==== INPUT MATERIAL ====
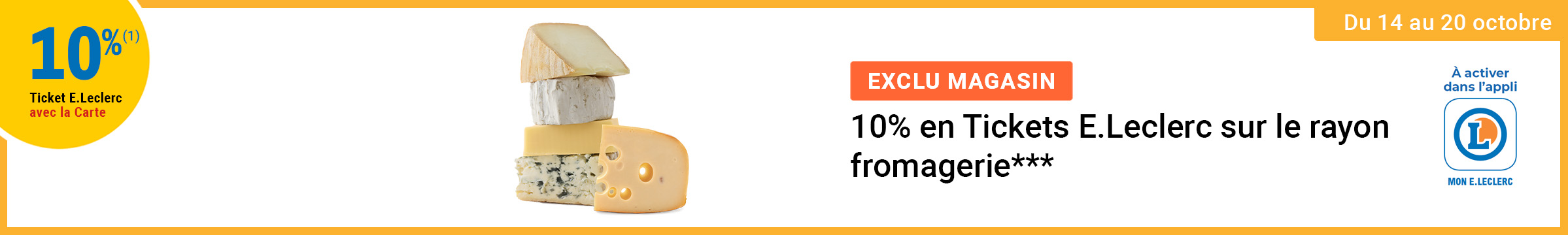 Re: Leclerc : 10% en tickets leclerc sur le rayon fromagerie (14/10 - 20/10)
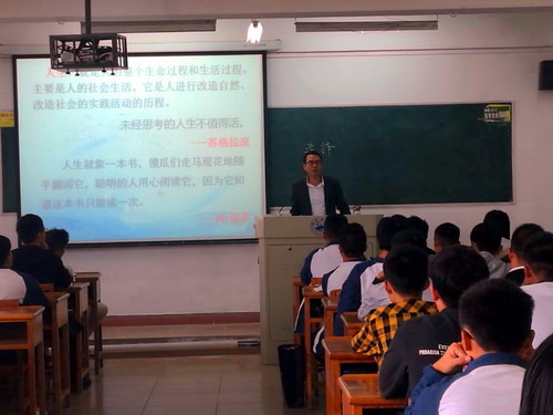 课堂上,刘老师通过理论阐释、故事启发和典型案例,深入浅出地讲解了“人生观与世界观”有关内容。刘校长认真听取了授课内容,仔细观察学生课堂表现并进行了详细记录。
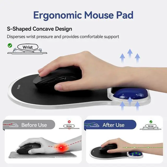 "S" Ergonomic DesignThe "S" shaped wrist rest of this mouse pad with wrist support combines ergonomic design and visual appeal seamlessly. Its unique curved structure fits the natural shape of your wrist, reducing pressure during long hours of use. This ergonomic mouse pad not only provides reliable support but also stands out with its distinctive, making it both a functional accessory and a stylish desktop addition.
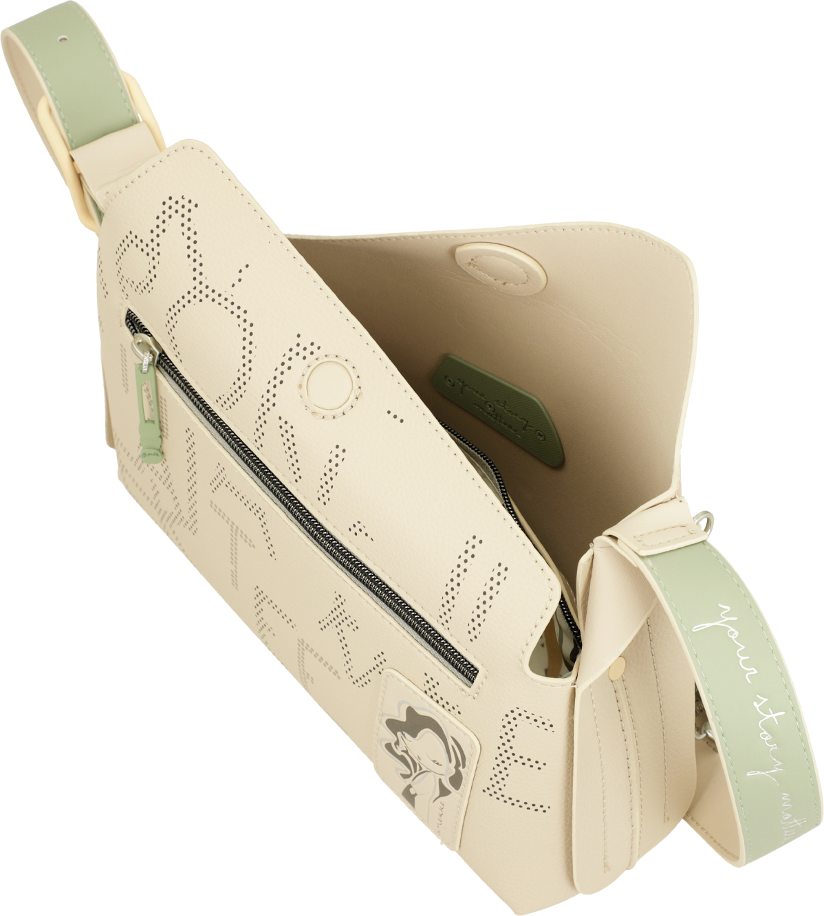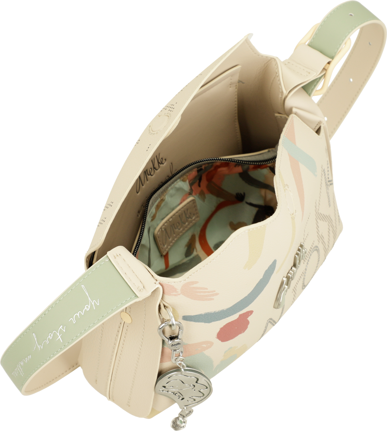 Jednokomorowa, zgrabna torebka z oryginalnym zamykaniem Anekke Alma Original wyposażona jest w regulowany pasek. Wnętrze obszyte podszewką ze wzorami nawiązującymi do tematyki serii, wyposażone jest w 1 zamykaną zamkiem błyskawicznym kieszonkę. Na zewnątrz wszyta została kieszeń bezpieczna zasuwana zamkiem. Ozdobą oryginalnej torebki jest odpinany brelok oraz hafty dżety, naszywki ze wzorami łączącymi się z tematyką serii Anekke Alma Original
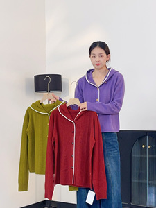 0910-181加厚款全羊毛连帽款羊毛开衫女装毛衣外套
====
WORK ORDER — Leave out every picture, and copy exactly the lines above starting at the one holding "课堂上,刘老师通过理论阐释、" and ending at the one holding "stylish desktop addition.", no more and no less.

ANSWER —
 课堂上,刘老师通过理论阐释、故事启发和典型案例,深入浅出地讲解了“人生观与世界观”有关内容。刘校长认真听取了授课内容,仔细观察学生课堂表现并进行了详细记录。
 "S" Ergonomic DesignThe "S" shaped wrist rest of this mouse pad with wrist support combines ergonomic design and visual appeal seamlessly. Its unique curved structure fits the natural shape of your wrist, reducing pressure during long hours of use. This ergonomic mouse pad not only provides reliable support but also stands out with its distinctive, making it both a functional accessory and a stylish desktop addition.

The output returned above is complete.